While the stock market did rally a bit into Christmas, it didn't do so in any sort of convincing way.  And it gave most all of its gains back just after Christmas.  We are now through the window for "The Santa Clause Rally" and US stocks haven't done all that well in what is typically the strongest period of the year. Just as I said last month, when stocks should go down but don't, it can be a contrarian indicator and it holds true in the inverse as well.  The fact that stocks saw such a muted rally this month is decidely bearish.  Without some sort of catalyst, I am inclined to believe stocks should see a spell of weakness in the near-term.  There are a couple indicators that are forcing me to question how confident I should be that equities are vulnerable for a decline, but we've reached a point in the US equity markets where I don't think the potential reward is worth the risk.  I'm far more interested in protecting profits and looking for new opportunities than I am adding risk to your accounts that may not generate meaningful profits.  

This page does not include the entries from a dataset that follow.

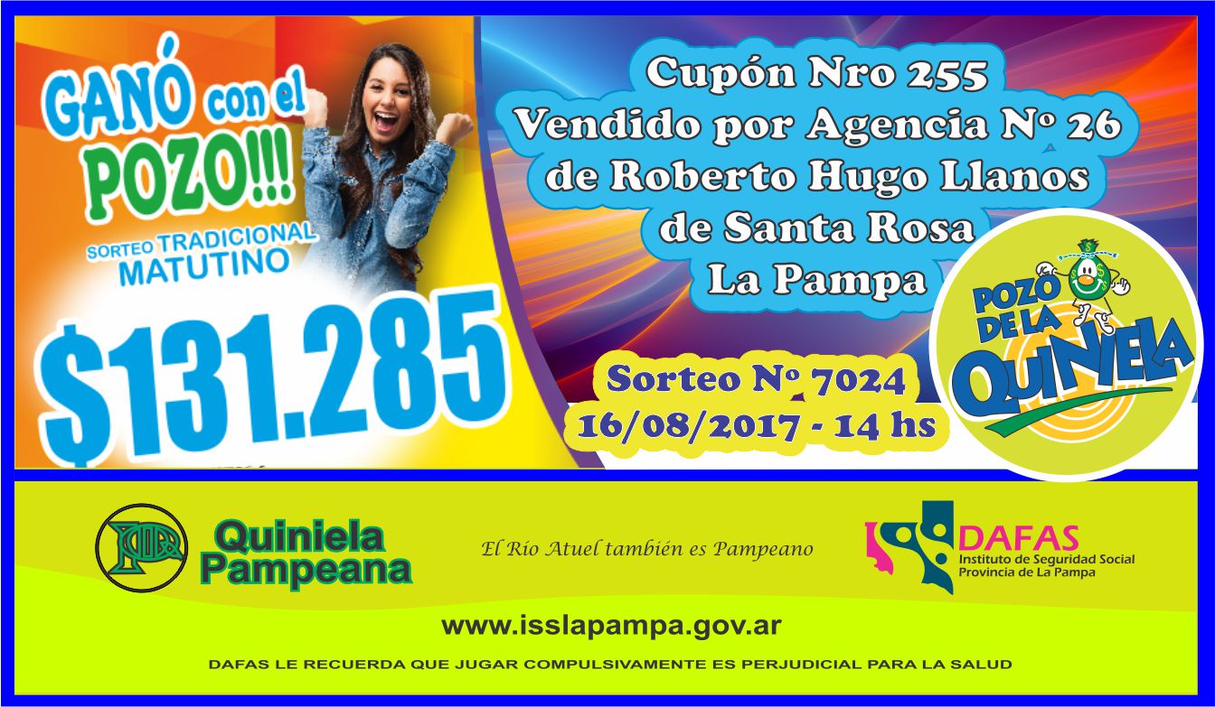 El sorteo matutito Nº 7024 de ayer, 16 de agosto, arrojó como resultado un/a apostador/a favorecido/a con la suma de 131.285 pesos. El cupón ganador es el Nº 255, que fue vendido por la agencia 26 de Santa Rosa, de Hugo Llanos.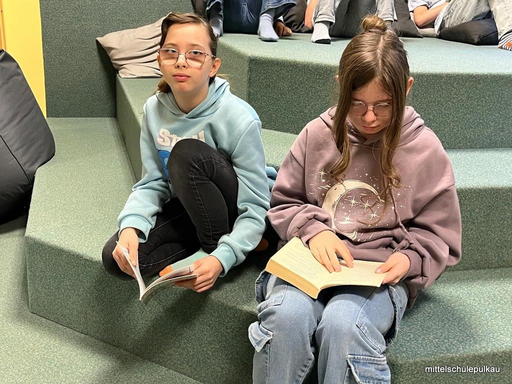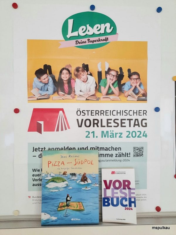 Ganz Österreich liest, auch in der MS Pulkau stand das Vorlesen an diesem Tag im Mittelpunkt. Kinder aus der 4. Klasse lasen in der Schulbibliothek schräge, lustige und philosophische Geschichten zum Thema Essen aus dem Buch " Pizza vom Südpol" von Jens Rassmus vor. Ein gelungener Vorlesespaß für die ganze Schule.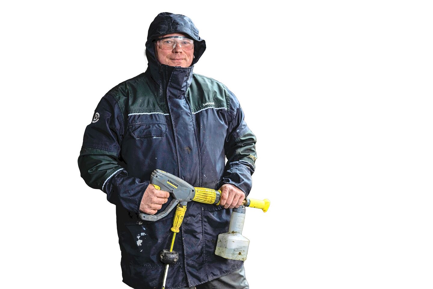 Danach befeuchtet Abderhalden mit kaltem Wasser und der Flachstrahldüse des elektrisch betriebenen Kärcher-Hochdruckreinigers alles, was er intensiv reinigen will. Dann hat die Schaumlanze mit dem Reinigungsmittel aus der Kärcher-Natural-Linie ihren Auftritt: Schaum haftet gut an Oberflächen und kann so besser einwirken. [IMG 6]

Beyond US equity markets, I would like to touch on commodity markets.  I am confident that the same explosive gains experienced by silver and gold this year will take place in various securities across the commodity spectrum.  Starting in May of 2011, the FED and Wall Street began a proactive scheme to depress commodity prices by utilizing the paper futures market as well as other derivatives.  This has led to a 15-year span of malinvestment in the commodity space.  In addition to silver, other commodities have experienced a similar parabolic move.  Cattle did so this past year while coffee and eggs did so in 2024.  Next up is likely orange juice.  Then it will be other commodities that are subject to geo-political risk such as sugar and rough rice.  Oil could also be impacted at some point if the Saudi's grow tired of exchanging their oil for our dollars.  A few OPEC+ members, such as the UAE, Venezuela, and Russia, have already made this controversial decision and as more of the players do so, it could substantially weaken the US$.  

Conclusion

As we wrap up 2025, I find it hard to express how grateful I am.  A year such as this is rewarding on its own.  Being able to accomplish what we have just as hundreds of new clients have come over with Garrett has made it even sweeter.  Garrett, with a massive assist from Sam, has done an incredible job of transitioning his book of business smoothly in a way that benefited all of you. 

I believe 2026 may offer substantial challenges in US equity markets but it may also provide incredible opportunities in alternative assets and strategies.  I'll be proactively looking for different ways to continue to grow your accounts outside of traditional equities and bonds.  And I will be placing an even stronger emphasis on protecting capital to lock in the gains we've enjoyed this past year.  If equity markets appear poised for gains, I won't rule out adding exposure but currently the risk:reward profile isn't attractive.          

Happy New Year to all!

As always, please don't hesitate to call us at 512-553-5151 if we can be of any assistance.

Best,

Matt McCracken

1) Inception date of 4/30/2019

2) All benchmark prices and returns are obtained through IBKR's PortfolioAnalyst reporting tool.  S&P 500 Index is calculated using the index price.  AOM is the iShares Core 40/60 Moderate Allocation ETF.  AOR is the iShares Core  60/40 Balanced Allocation ETF.  These benchmarks were chosen as they represent the prevailing investment strategies of retail advisors.  

3) The Sortino ratio is a commonly used measure of "alpha" or the value a manager adds to a portfolio.  It is similar to the Sharpe ratio.  The Sortino ratio does emphasize the negative impact of downside volatility more than the Sharpe ratio which is why we use it as our primary measure of alpha.